» **INPUT DATA**
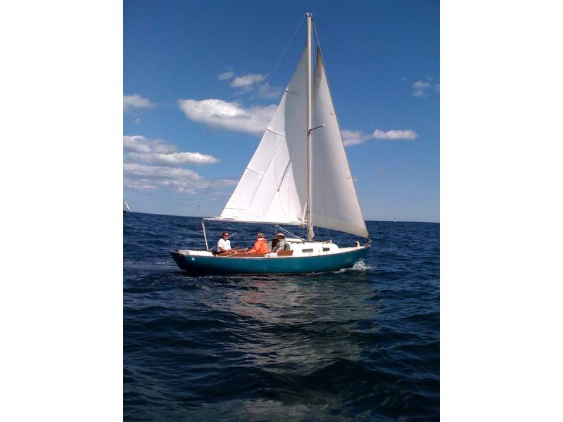 Classic Rhodes Designed 26 ODay Outlaw Sloop for Sale. Solid, seaworthy, easy to handle singlehanded, have sailed offshore many times to the Cape and Isles of Shoals; Sleeps 4. Includes newer Doyle mainsail, roller furling jib, spinnaker and pole; 5 hp Nissan outboard with low hours, shop maintained; set of four life preservers, bulkhead mounted compass, dock lines, anchor, fenders, cockpit cushions and mucho other gear. Cabin and deck just painted. Boat was just hauled, topsides repainted and new high quality Petit Trinidad anti-fouling paint done. For more specs and design info see https://sailboatdata.com/sailboat/outlaw-26-oday/ Asking $3,500. |
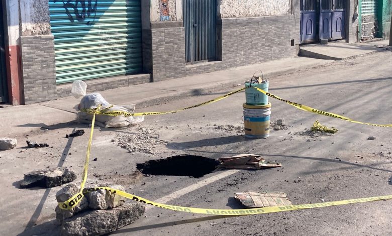 Esta mañana se recibió el reporte de un socavón sobre la prolongación de la calle 18 de Marzo en la colonia Felipe Carrillo Puerto.
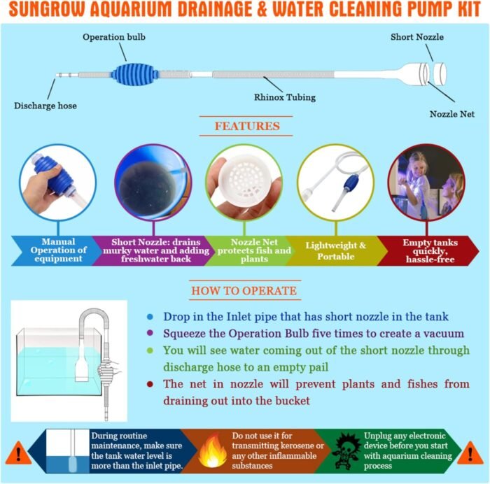 The SunGrow Aquarium Cleaning Pump for your freshwater fish is a siphon system designed to make changing your tank water quick and efficient. Our durable, lightweight tubing reaches deep into aquarium corners so your hands stay dry. The system easily assembles for use in just minutes and disassembles just as quickly.

» **PROBLEM STATEMENT**
The answer must be the full listing, exact in every line, with the pictures removed.

» **WORKED SOLUTION**
 Classic Rhodes Designed 26 ODay Outlaw Sloop for Sale. Solid, seaworthy, easy to handle singlehanded, have sailed offshore many times to the Cape and Isles of Shoals; Sleeps 4. Includes newer Doyle mainsail, roller furling jib, spinnaker and pole; 5 hp Nissan outboard with low hours, shop maintained; set of four life preservers, bulkhead mounted compass, dock lines, anchor, fenders, cockpit cushions and mucho other gear. Cabin and deck just painted. Boat was just hauled, topsides repainted and new high quality Petit Trinidad anti-fouling paint done. For more specs and design info see https://sailboatdata.com/sailboat/outlaw-26-oday/ Asking $3,500. |
 Esta mañana se recibió el reporte de un socavón sobre la prolongación de la calle 18 de Marzo en la colonia Felipe Carrillo Puerto.
 The SunGrow Aquarium Cleaning Pump for your freshwater fish is a siphon system designed to make changing your tank water quick and efficient. Our durable, lightweight tubing reaches deep into aquarium corners so your hands stay dry. The system easily assembles for use in just minutes and disassembles just as quickly.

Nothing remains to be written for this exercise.